What the exercise asks: All the records that follow need to be reproduced exactly. Omit the images.

Input data:
:::::

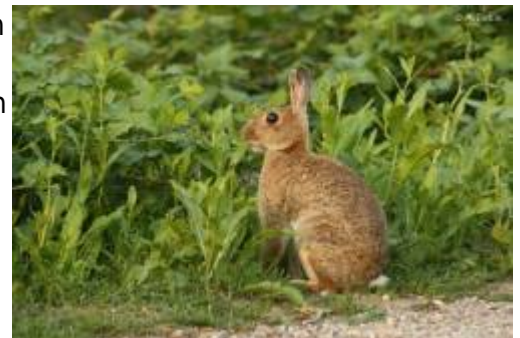
Abb. 2: Wildkaninchen frisst Acker-Schöterich-Blätter ( Erysimum cheiranthoides ) Das Kaninchen zählt unter den Herbivoren zu den Folivoren. Das heißt, es ernährt sich bevorzugt von Pflanzen und von diesen wiederum von den Blättern. „Bevorzugt“ bedeutet, dass es blättrige Bestandteile von grünen Pflanzen anderer Nahrung vorzieht, solange diese die Nährstoffe enthält, die es zum Aufbau und Erhalt seines Körpers und zur Fortpflanzung benötigt.

Daneben kann auch andere Nahrung als Ersatz oder als Ergänzung gefressen werden, so z. B. Wurzeln, Samen, Früchte, kleine Zweige oder Äste sowie die Rinde von Bäumen und Sträuchern.
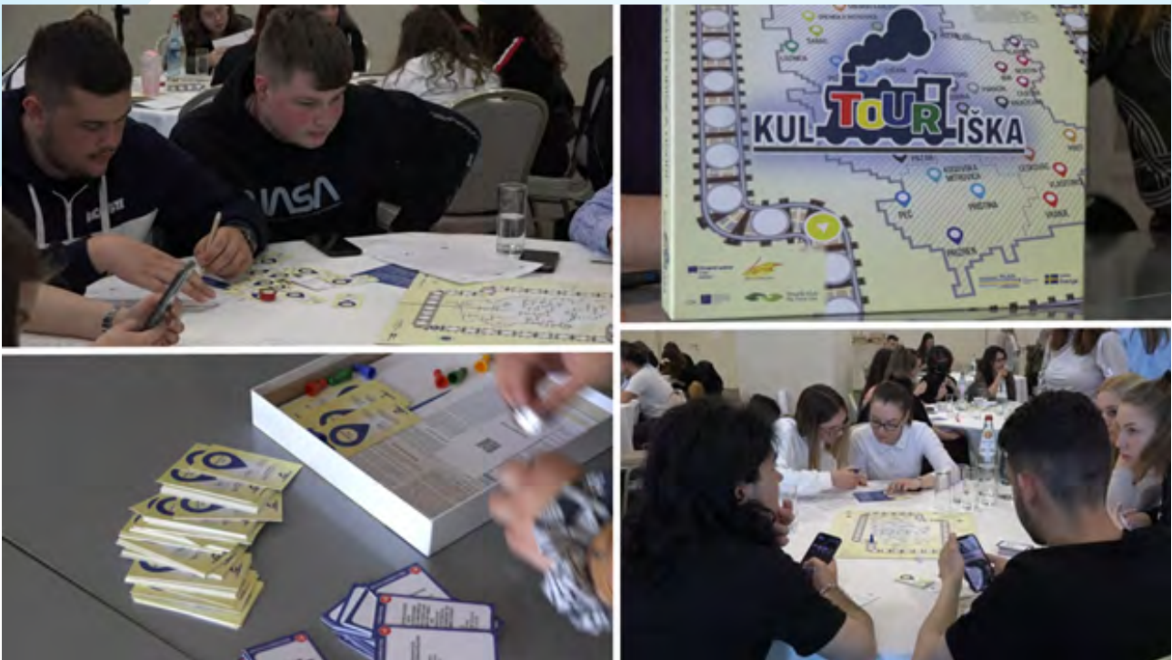
Predstavljanje KulTOURIška društvene igre

studentima i studentkinjama beogradskog i novosadskog univerziteta. Kroz ove aktivnosti, mladi ljudi koji su u procesu obrazovanja imali su priliku da steknu šira znanja o interkulturalizmu, toleranciji, o tome šta sve obuhvata pojam seksualnog nasilja i kako ga prepoznati, i što je još važnije, imali su priliku da se upoznaju s pojmom aktivizma u zajednici.
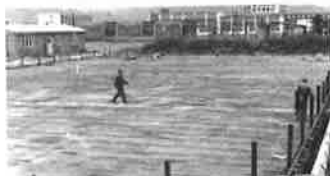
Trubky položeny, připraveny sloupky pro mantinely.

Po položení chladících hadic se vše zasypalo jemným pískem, po obvodu hrací plochy byly již připraveny železné sloupky na upevnění dřevěných mantinelů. Plocha se začala rýsovat. V rohu budoucího kluziště přibyla nová stavba, dřevěná budova, budoucí kancelář a šatna.
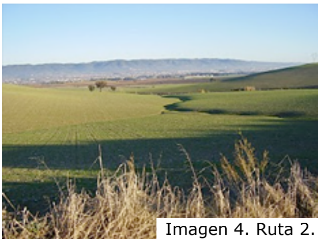
Imagen 4. Ruta 2.

En esta remontada se llega al primer y único túnel de la línea, el túnel de Las Tablas (km 6 del recorrido), el cual fue utilizado para el cultivo de champiñones. (Nota: Actualmente el túnel no

:::::

Output of the exercise:
Abb. 2: Wildkaninchen frisst Acker-Schöterich-Blätter ( Erysimum cheiranthoides ) Das Kaninchen zählt unter den Herbivoren zu den Folivoren. Das heißt, es ernährt sich bevorzugt von Pflanzen und von diesen wiederum von den Blättern. „Bevorzugt“ bedeutet, dass es blättrige Bestandteile von grünen Pflanzen anderer Nahrung vorzieht, solange diese die Nährstoffe enthält, die es zum Aufbau und Erhalt seines Körpers und zur Fortpflanzung benötigt.

Daneben kann auch andere Nahrung als Ersatz oder als Ergänzung gefressen werden, so z. B. Wurzeln, Samen, Früchte, kleine Zweige oder Äste sowie die Rinde von Bäumen und Sträuchern.
Predstavljanje KulTOURIška društvene igre

studentima i studentkinjama beogradskog i novosadskog univerziteta. Kroz ove aktivnosti, mladi ljudi koji su u procesu obrazovanja imali su priliku da steknu šira znanja o interkulturalizmu, toleranciji, o tome šta sve obuhvata pojam seksualnog nasilja i kako ga prepoznati, i što je još važnije, imali su priliku da se upoznaju s pojmom aktivizma u zajednici.
Trubky položeny, připraveny sloupky pro mantinely.

Po položení chladících hadic se vše zasypalo jemným pískem, po obvodu hrací plochy byly již připraveny železné sloupky na upevnění dřevěných mantinelů. Plocha se začala rýsovat. V rohu budoucího kluziště přibyla nová stavba, dřevěná budova, budoucí kancelář a šatna.
Imagen 4. Ruta 2.

En esta remontada se llega al primer y único túnel de la línea, el túnel de Las Tablas (km 6 del recorrido), el cual fue utilizado para el cultivo de champiñones. (Nota: Actualmente el túnel no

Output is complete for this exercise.